Earlier, two-door models, gaining classic cudos now, and you can pay an AWLFUL lot for one that is in tidy fettle; but, well supported, and nice and simple, they can be an attractive proposituion.... dont know how much added luxuary they'd offer over a deffy..... but some I'd guess!
BUT, you wan t a deisel..... you say becouse of insurance.
Is that your only reason?
The diesels are pretty 'gutless' compared to the V8's, not incredibly less thirsty, and they are a lot more noisy...... stilll probably a revalation after a deffy, but still....
V8's on LPG are pretty cheap to run; depending on variant and how you use it of course, but with LPG at about 55p a litre, running costs can be lower than the diesel models; or even a 'normal' saloon car.
And a 'standard' V8 is often loaded less by insurers than a 'converted' diesel, while, if you shop about, you can find classic or specialist policies that are fairly reasonable.
You dont say how old you are, but if under 25, and possibly if under 30, if a V8 is do-able, you may want to avoid the 3,9's though as apparently they are stuck in a Porshe hight insurance group, where the 3.5's are more 2.0l Sierra! A couple of younger 'mates' I have have told me that insurance on a 3.5 was no more than a TDi disco, while the lad that dropped aTDi motor into his 84 classic in place of a three fiv, was dissapointed he his premium didn't go down.
So worth investigating there.....
As for diesels; well, the VM 2.4 & 2.5 models of the Ei era would be the ones I went looking for.
They tend not to fetch the premium that something with a TDi in it, even something converted to TDi fetches; and while the old VM motor was much maligned for being expensive to fix when it went wrong, after eighteen or twenty years of themgoing wrong niggles are all well recorded, and it would SEEM ht they are often less hassle, and less expensiv than a TDi, which seem just as likely, if no slightly more so, to give grief these days. And youhave the fall back on them, that if they do go pair-shaped on you, you can, reasonably easilyand ecconomically, dump an ex Disco TDi into the hole.
As with warning about stuff 'modified' for off-roading, given your budget an the luxuary of choice; I would avoid anything with a diesel 'conversion' ike the plgue!

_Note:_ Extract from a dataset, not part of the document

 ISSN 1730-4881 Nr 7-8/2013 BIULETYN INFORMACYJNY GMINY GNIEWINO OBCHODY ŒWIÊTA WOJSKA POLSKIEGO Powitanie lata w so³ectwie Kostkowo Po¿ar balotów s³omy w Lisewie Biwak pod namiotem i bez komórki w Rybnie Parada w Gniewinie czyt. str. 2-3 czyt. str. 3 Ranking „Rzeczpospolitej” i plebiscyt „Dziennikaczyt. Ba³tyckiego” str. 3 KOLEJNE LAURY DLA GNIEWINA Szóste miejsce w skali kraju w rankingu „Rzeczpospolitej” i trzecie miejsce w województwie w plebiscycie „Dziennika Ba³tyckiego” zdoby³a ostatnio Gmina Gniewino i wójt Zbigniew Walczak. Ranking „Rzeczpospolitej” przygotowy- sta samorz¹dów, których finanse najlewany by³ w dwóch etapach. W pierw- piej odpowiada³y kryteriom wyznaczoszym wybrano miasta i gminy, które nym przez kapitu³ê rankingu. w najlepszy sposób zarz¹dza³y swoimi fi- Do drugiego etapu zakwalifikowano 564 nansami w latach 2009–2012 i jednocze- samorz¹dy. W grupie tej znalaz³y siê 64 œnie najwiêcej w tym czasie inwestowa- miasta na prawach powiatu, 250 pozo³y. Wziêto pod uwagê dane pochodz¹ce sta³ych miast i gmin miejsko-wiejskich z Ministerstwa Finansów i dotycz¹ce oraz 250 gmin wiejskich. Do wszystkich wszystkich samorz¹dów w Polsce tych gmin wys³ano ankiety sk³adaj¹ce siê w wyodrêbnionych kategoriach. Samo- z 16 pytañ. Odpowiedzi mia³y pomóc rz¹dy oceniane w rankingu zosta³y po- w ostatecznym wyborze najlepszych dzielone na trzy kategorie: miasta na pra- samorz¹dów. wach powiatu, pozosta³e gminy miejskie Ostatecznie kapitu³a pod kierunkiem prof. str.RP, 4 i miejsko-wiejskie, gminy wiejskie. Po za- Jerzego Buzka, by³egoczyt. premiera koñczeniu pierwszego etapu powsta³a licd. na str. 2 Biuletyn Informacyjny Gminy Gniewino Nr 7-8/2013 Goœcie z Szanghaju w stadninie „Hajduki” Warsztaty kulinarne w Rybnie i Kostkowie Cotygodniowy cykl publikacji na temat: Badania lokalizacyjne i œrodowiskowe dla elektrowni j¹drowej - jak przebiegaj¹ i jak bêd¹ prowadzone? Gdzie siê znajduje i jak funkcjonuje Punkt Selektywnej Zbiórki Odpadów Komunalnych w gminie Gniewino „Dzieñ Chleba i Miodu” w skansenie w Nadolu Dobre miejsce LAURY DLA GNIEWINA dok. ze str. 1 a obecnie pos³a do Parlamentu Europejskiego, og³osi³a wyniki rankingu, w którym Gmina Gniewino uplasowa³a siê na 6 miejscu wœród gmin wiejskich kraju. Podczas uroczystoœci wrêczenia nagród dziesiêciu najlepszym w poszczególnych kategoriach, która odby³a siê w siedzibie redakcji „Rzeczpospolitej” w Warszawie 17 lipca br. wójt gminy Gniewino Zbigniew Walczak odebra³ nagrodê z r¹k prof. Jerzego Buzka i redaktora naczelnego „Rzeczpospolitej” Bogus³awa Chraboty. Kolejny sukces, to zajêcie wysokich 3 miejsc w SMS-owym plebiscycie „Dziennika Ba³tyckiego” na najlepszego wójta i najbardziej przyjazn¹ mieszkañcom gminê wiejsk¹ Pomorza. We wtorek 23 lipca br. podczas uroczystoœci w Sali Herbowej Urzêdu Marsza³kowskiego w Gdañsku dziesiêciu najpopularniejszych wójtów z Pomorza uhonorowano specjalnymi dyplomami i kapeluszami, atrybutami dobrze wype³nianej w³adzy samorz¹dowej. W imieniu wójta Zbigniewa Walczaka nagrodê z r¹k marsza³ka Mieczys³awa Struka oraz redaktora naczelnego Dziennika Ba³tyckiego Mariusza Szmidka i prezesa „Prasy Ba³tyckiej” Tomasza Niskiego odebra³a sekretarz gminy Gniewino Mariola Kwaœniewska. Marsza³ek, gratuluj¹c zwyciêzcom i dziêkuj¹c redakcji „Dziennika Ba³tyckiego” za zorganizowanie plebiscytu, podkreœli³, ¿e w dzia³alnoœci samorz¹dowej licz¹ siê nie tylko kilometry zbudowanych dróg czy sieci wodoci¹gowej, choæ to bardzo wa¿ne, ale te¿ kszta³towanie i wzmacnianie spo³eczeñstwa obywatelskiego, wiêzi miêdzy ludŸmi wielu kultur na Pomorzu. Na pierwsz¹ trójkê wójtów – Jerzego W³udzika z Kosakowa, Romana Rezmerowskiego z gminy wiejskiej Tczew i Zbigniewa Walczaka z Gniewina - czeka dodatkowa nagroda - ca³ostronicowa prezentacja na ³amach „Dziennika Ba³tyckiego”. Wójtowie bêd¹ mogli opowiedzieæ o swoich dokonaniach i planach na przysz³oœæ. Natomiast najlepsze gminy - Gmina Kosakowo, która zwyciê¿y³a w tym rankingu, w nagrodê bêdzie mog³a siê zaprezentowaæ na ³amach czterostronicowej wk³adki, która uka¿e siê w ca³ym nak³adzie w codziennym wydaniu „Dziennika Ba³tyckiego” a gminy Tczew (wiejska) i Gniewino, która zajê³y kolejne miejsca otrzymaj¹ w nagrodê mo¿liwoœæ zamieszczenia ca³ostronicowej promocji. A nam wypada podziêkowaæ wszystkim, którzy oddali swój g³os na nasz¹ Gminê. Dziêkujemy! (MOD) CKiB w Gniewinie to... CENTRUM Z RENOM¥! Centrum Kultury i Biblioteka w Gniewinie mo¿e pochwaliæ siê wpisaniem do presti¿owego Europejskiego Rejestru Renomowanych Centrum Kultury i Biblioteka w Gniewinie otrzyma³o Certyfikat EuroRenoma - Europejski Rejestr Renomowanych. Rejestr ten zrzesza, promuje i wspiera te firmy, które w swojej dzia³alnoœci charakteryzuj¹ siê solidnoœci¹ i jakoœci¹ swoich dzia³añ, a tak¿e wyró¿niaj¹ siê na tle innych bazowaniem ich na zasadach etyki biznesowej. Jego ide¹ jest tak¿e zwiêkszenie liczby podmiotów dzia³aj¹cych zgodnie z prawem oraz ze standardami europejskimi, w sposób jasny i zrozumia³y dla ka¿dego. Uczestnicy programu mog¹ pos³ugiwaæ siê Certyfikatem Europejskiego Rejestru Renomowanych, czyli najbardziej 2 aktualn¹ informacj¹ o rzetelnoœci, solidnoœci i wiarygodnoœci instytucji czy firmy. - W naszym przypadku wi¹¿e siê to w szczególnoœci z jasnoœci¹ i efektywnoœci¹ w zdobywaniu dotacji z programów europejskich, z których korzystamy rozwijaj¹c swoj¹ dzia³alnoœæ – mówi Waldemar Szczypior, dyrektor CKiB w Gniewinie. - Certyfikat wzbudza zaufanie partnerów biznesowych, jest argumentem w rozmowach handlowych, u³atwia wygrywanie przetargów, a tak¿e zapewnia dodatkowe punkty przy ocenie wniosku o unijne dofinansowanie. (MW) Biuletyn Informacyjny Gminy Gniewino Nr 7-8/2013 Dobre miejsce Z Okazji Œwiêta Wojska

A TDi may be 'just' tempting, as youwant a diesel, and I have seen some done fairl neatly; but transit engines, big perkins, dihatsu engines (ESPECIALLY Dihatsu engines!), done for 'ecconomy', often defeated by an expensive conversion, frequently dont get done well, even the ones advertised as 'expensve proffessional conversion'.... and usually using a second hand engine anyway; the have SO many pottentialproblems from the conversion, and the unknownsabout how it was one, and with what, or by who, that its alottery as to whether you find a good-on or not, and if you o have a problem, a bigger lottery as to w#hoe difficult it may be to sort out.
So, in conclusion; my startng point,from your 'brief' would be a reasonably tidy, 2.5VM on something like a G-Plate, advertised for around £1500-£1700, the more unmolested the better, and I' look to knock the price back to something more lie £12-£1300,on the 'usual suspects like the sills, boot floor, the VM 'reputation' etc; Then after purchase, chuck a grand at it to get the 'usual suspects' sorted properly; everything 'welded' as it should be, in one go motor ervices, brakes surviced, and little faults like he PAS box or panhard bushes sorted, and then ...... enjoy..... hopefully a few years of reletively 'trouble free' Rovering!